(Exercise prompt)
Set down the data below word for word, and leave the images aside.

(The data)
* * *

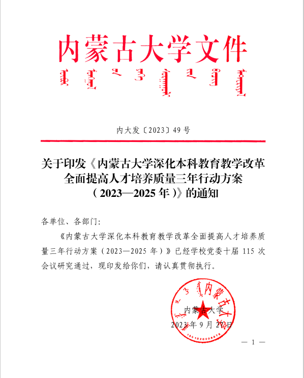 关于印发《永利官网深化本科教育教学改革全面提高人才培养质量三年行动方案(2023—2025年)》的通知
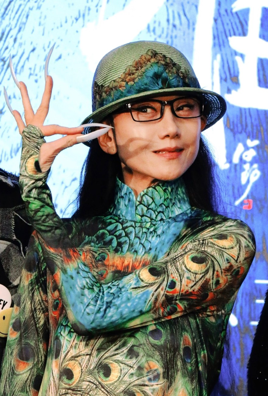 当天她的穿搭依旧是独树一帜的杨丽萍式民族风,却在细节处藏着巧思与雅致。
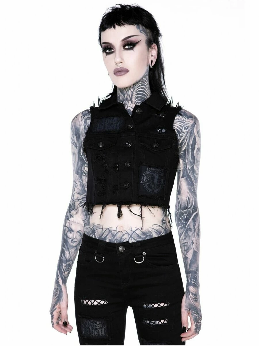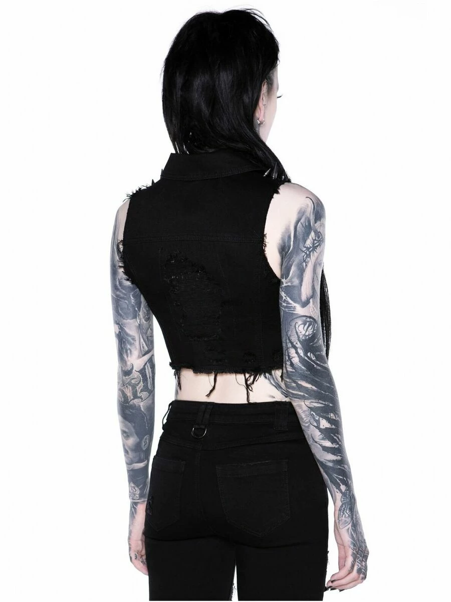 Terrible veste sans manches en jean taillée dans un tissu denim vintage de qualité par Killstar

* * *

(Answer space)
 关于印发《永利官网深化本科教育教学改革全面提高人才培养质量三年行动方案(2023—2025年)》的通知
 当天她的穿搭依旧是独树一帜的杨丽萍式民族风,却在细节处藏着巧思与雅致。
 Terrible veste sans manches en jean taillée dans un tissu denim vintage de qualité par Killstar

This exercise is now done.